Frequency Caps and Cross-Media Campaigns

How does an advertiser control frequency when ads also appear offline?

A few weeks ago, I was flipping through “Fortune” magazine when I came across an ad for energy company BP. I didn’t pay much attention — at least, not on a conscious level. Minutes later, though, as I was perusing the pages of BusinessWeek.com, I saw the ad again. It was identical to the print version in every way, right down to the location on the page.

Now, I have no real interest in BP as an investment opportunity (though I’m a driver who frequently — and grudgingly — invests in gas). Yet as a result of its appearance in these two locations, I took notice of this company’s ad. The experience was one of “cross-media déjà vu.” It got me to thinking about ad delivery and frequency.

These issues have plagued advertisers for as long as there’s been advertising. Online, the struggle usually takes the form of impression frequency. Determining optimal ad frequency has a lot to do with the Law of Diminishing Returns.

There comes a point at which it’s no longer favorable to continue delivering the same ad again and again. The cost simply outweighs the benefits. Excessively displaying ad material doesn’t just fail to incite consumer response and to waste good ad dollars. It can also result in a negative impression of your brand.

For years, the consensus has been the optimal number of impressions served to an Internet user is somewhere between one and five. Many campaign managers maintain it’s three — nothing you can say can convince them otherwise. Not long ago, researchers buttressed this latter theory by determining that while Internet users were most likely to convert the first time they saw an ad, each of the first three impressions displayed was over 100 percent better at converting than the “average impression.”

One would think this information would prove endlessly helpful to media buyers, but its release happened to coincide with an increase in the popularity of cross-media campaigns. How does an advertiser control frequency when ads also appear offline?

Few current campaigns are limited to one medium. Today’s consumers get their media from multiple sources, and often employ them simultaneously. There’s a good chance they’ll come across your ads both online and off-. You may be vigilantly delivering one impression per user on the Web, but your target audience could still be exposed to that same ad every day.

In BP’s case, this advertiser placed its ads in similar publications that cater to a near-identical target audience. As a North American business professional that uses the Web, the odds of my encountering both are pretty good. Given what we know about ad frequency online, does this help or hinder the effectiveness of BP’s ad? Where exactly is the line between effective branding and “ad nauseum?”

As it would be impossible to measure the frequency with which each and every consumer sees the ads across your campaign, there’s little an advertiser can do to avoid potential ad overexposure aside from capping ad delivery across each individual medium. But perhaps cross-media déjà vu isn’t a no-win situation. In fact, it may represent a valuable opportunity to improve both direct marketing and branding campaigns.

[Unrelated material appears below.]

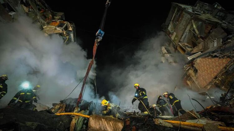 Власти Днепра планируют к ночи полностью разобрать завалы обрушенного ракетой жилого дома

If the aforementioned study holds water, the first few ad impressions a consumer sees — regardless of where he sees them — could be the ideal amount both to prompt a conversion and prevent annoyance. So long as marketers keep ad delivery per medium to a minimum, they could hit this target straight on. The phenomenon also has potential where branding is concerned. By keeping ad creative and placement consistent, advertisers can help create a “mental cookie” that increases the chances their target consumer will remember their ad.

The rules of ad delivery are changing. They no longer apply to one medium alone. But this could actually work in our favor. It certainly worked for BP.